▸ PROBLEM TO WORK ON
Print the entries underneath word for word, omitting whatever pictures they contain.

Stored items
◇ ◇ ◇ ◇ ◇
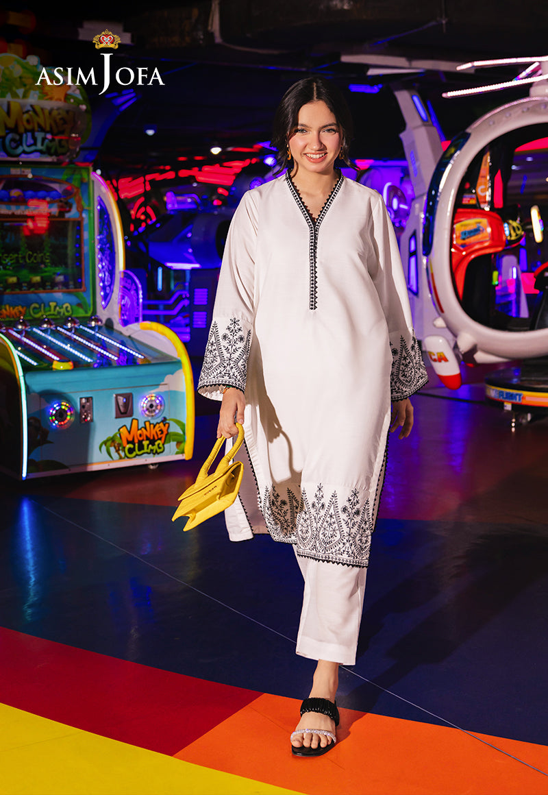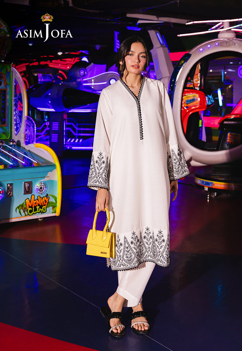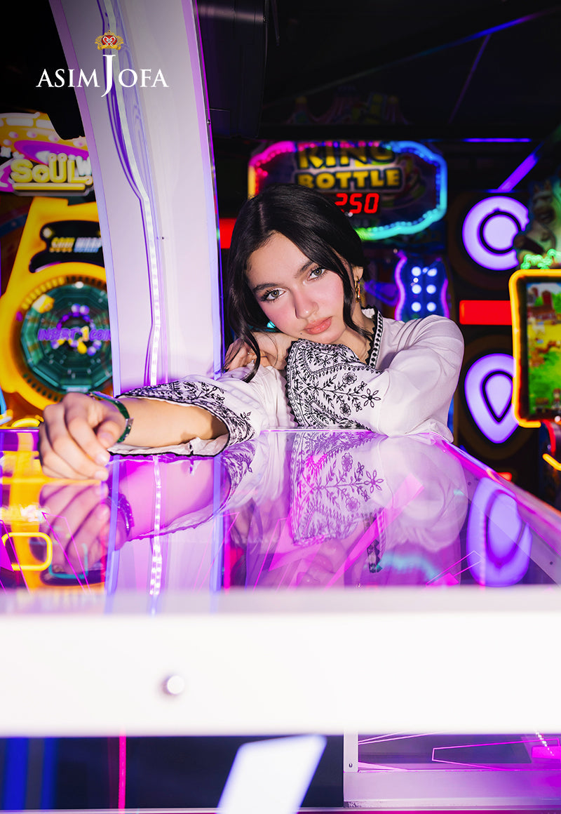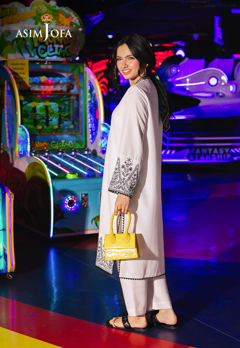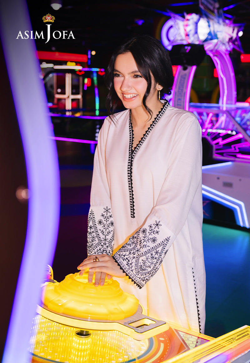 Effortlessly chic, this off-white ensemble is a wardrobe winner. The elegant neckline is complemented by black embroidery that graces the borders and sleeves, adding a touch of drama. Versatile enough for any occasion, this dress transitions seamlessly from formal to casual.
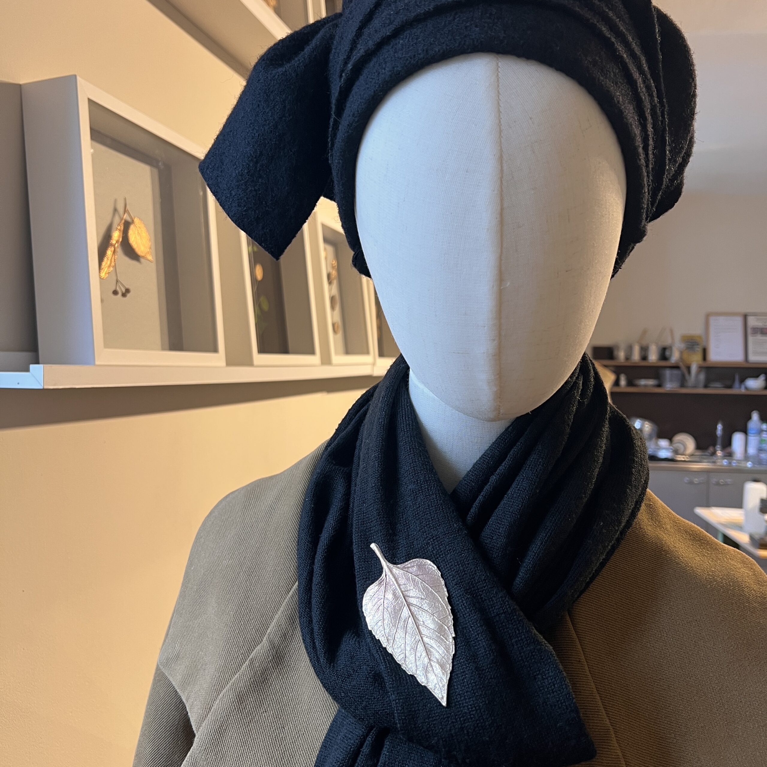 Réplique en bronze d’une feuille de tournesol soudée sur un support de pin’s.
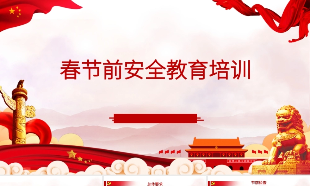 春节前安全教育培训节前总体安排0 102节前安全意识提升03节前安全知识学习04节假日安全及防疫建议目录总体要求提前做好值班安排,节假日值班必须配备值班领导,值班人员以及相关管理人员在放假期间电话保持 24...
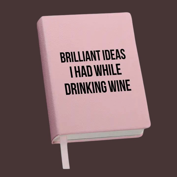 Capture every brilliant idea with this witty leather-lined journal. Featuring the phrase “Brilliant Ideas I Had While Drinking Wine” on the cover, this notebook blends humor with practicality. Perfect for jotting down thoughts, notes, or creative sparks, it makes a thoughtful gift for writers, dreamers, or anyone who enjoys a touch of fun with their journaling.
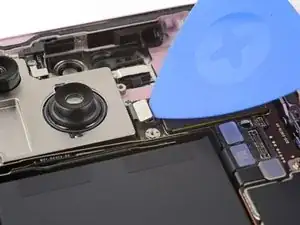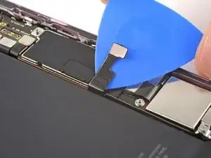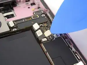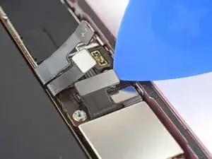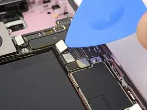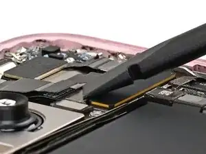 Используйте кончик медиатора, чтобы поддеть и отсоединить защёлкивающийся разъём экрана.
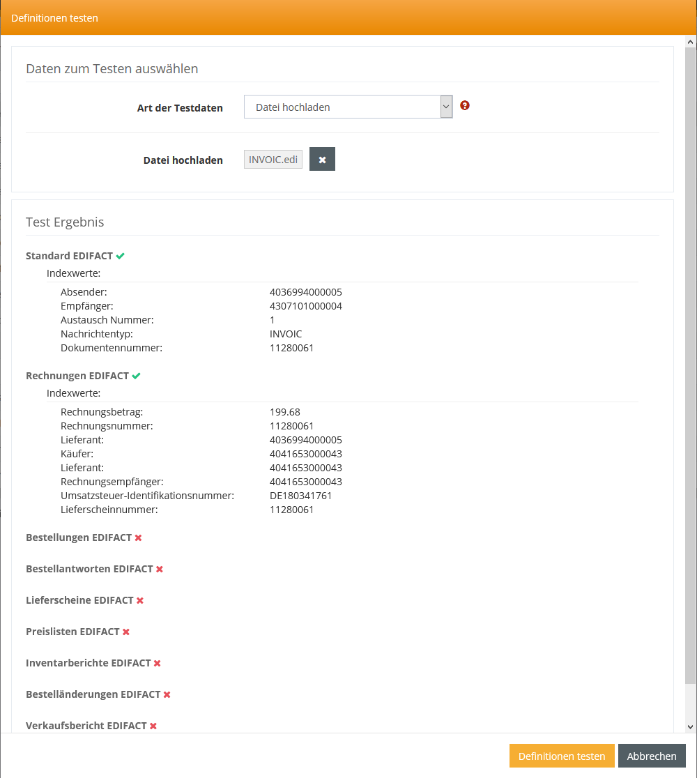 Nach der Auswahl der Testdaten wird der Testen Button unten im Formular freigeschalten und mit einen Klick darauf wird der Fileparser auf die Testdaten angewendet und das Ergebnis für die einzelnen Definitionen präsentiert.
◇ ◇ ◇ ◇ ◇
▸ FINISHED EXERCISE
 Effortlessly chic, this off-white ensemble is a wardrobe winner. The elegant neckline is complemented by black embroidery that graces the borders and sleeves, adding a touch of drama. Versatile enough for any occasion, this dress transitions seamlessly from formal to casual.
 Réplique en bronze d’une feuille de tournesol soudée sur un support de pin’s.
 春节前安全教育培训节前总体安排0 102节前安全意识提升03节前安全知识学习04节假日安全及防疫建议目录总体要求提前做好值班安排,节假日值班必须配备值班领导,值班人员以及相关管理人员在放假期间电话保持 24...
 Capture every brilliant idea with this witty leather-lined journal. Featuring the phrase “Brilliant Ideas I Had While Drinking Wine” on the cover, this notebook blends humor with practicality. Perfect for jotting down thoughts, notes, or creative sparks, it makes a thoughtful gift for writers, dreamers, or anyone who enjoys a touch of fun with their journaling.
 Используйте кончик медиатора, чтобы поддеть и отсоединить защёлкивающийся разъём экрана.
 Nach der Auswahl der Testdaten wird der Testen Button unten im Formular freigeschalten und mit einen Klick darauf wird der Fileparser auf die Testdaten angewendet und das Ergebnis für die einzelnen Definitionen präsentiert.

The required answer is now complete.